I think that this all happened because the AirPods can offer input + output, but at the lower quality. So the full-duplex-capable audio engine favours that configuration rather than the higher-quality device that is only capable of output.

The “fix” for this issue was as follows. Before the engine was started, I needed to dig into the AVAudioEngine’s outputUnit and manually override the AudioDeviceID.

Unfortunately for me, that “fix” was not very robust. It would work if the AirPods were already attached before Capo started the audio engine, but not if they were paired while Capo was running.
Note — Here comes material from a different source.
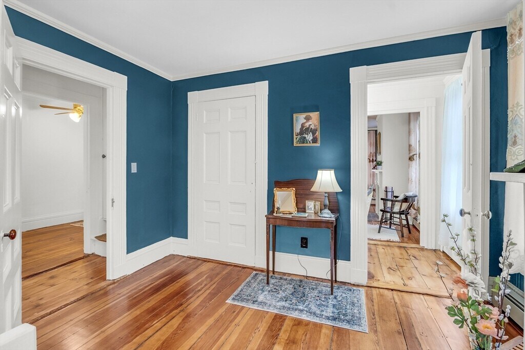 This large colonial-style apartment is situated in the middle of the house in the ultimate location in desirable downtown Groton. Walk in to bright cheery kitchen w plenty of cabinets,laundry off kitchen,half bath,dining rm,living rm and screened porch on this level w Main st entrance and parking area entrance. Main bedroom,bed2,full bath on 2nd floor. Up steep steps to third floor to find the 2 largest bedrooms and an open hallway area. All bedrooms have lg closets. Two in-line (one in front of the other) off-street parking spots. Enjoy no bills as rent includes ALL utilities (See Firm Remarks). This oversized half colonial with beautiful crown molding and finishing details may be rented furnished if desired (price negotiable). House also has a currently rented 1br/1bth (Unit 2),Available 2br/1bth (Unit 3),Acupuncturist office in back(207) and Available commercial space to be rented(may be rented as storage along with Unit 1,inquire). Walkable to food/bar/amenities/rail trail. MLS# 73441180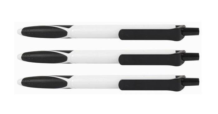 Plastikowy długopis, automatyczny, ergonomiczna obudowa z uchwytem antypoślizgowym, technologia double injection guma+plastik, wymienny wkład F-411, niebieski kolor tuszu, grubość linii 0,7 mm, 50 sztuk w paczce.

After a whole lot of monkey business, I had a working solution for this bug. Sadly, this code has proven to be quite delicate, and has generated some new crashes in the field.

The final (?) straw

Fast-forward to macOS 11, and the AirPods issue is back. In fact, it’s even worse now because there’s no workaround.

We had been testing the AirPods against macOS 11 betas and haven’t noticed these sound degradation issues. When we started receiving reports of problems recently, we thought it was specific to the AirPods Pro (which we didn’t have on hand for testing.) That seemed plausible to me, because they all run different firmware and have new auto-pairing features.

Sure enough, when I acquired and set up my AirPods Pro to play my Mac’s audio, launching Capo caused the system’s audio to revert down to the crappy, 16kHz “bluetooth headset mode” that sounds awful. I thought that my prior workarounds might have been incomplete, but I was doing everything right.

After lots of investigation, ~~I discovered that merely creating the AVAudioEngine causes the sound degradation. Like, simply calling [[AVAudioEngine alloc] init] destroys the quality of the Mac’s output audio.~~ It turns out I was wrong about this, and the new bug is that calling outputNode now triggers the issue. More details at the bottom of the post.

It looks something like this for our users: If you’re listening to the Music app, everything’s running at full quality. Then, you load a project in Capo and your already-playing music now sounds like garbage. In fact, everything you play from now on in any other app sounds like garbage until you quit Capo and re-start audio playback elsewhere.

Hey, Apple—guess who my customers will blame for this?

As a sucker^W consumer of this API, I don’t get any opportunity to prevent this from happening like I was able to do before. I need to construct the engine before I can override its output unit, but by that point the damage is already done.

Adding insult to injury, I re-tested this behavior with my old pair of AirPods and found that the issue is exactly the same. I don’t know if this just showed up in 11.1, or we somehow missed this during testing (we’re human, after all.) Given my past experience with AVAudioEngine, I wouldn’t be surprised if it’s a regression.

Now what?

For each of the above scenarios that caused trouble for the AVAudioEngine API on macOS, not a single one caused trouble in my battle-worn audio engine that is built on top of AUGraph and the DefaultOutput Audio Unit.

Capo’s main audio engine handles AirPods perfectly, it’s fine with aggregate audio devices, and it even gracefully handles audio hardware that disappears during audio playback.

AVAudioEngine seemed to deal with aggregate audio devices before 10.13.5 (or whatever), but then it broke mysteriously. Later, it seemed to completely lose its mind in the presence of AirPods.

Unfortunately, Apple has marked the AUGraph API as deprecated, and urges us to move that code to use AVAudioEngine instead to manage a graph of audio units.

No thanks, Apple. Call me when Logic or Final Cut are based on AVAudioEngine, and we’ll go for a skate together in Hell.

I guess I need to go back to doing things the hard way.

EDIT (20210127): It turns out that my prior debugging was flawed, and I was preventing a call to outputNode or mainMixerNode when I commented out the initialization of the engine.

Still, the previous workaround no longer works because calling outputNode now triggers the issue. I put together a sample project called CrappifyAudio that demonstrates the problem in a minimal way.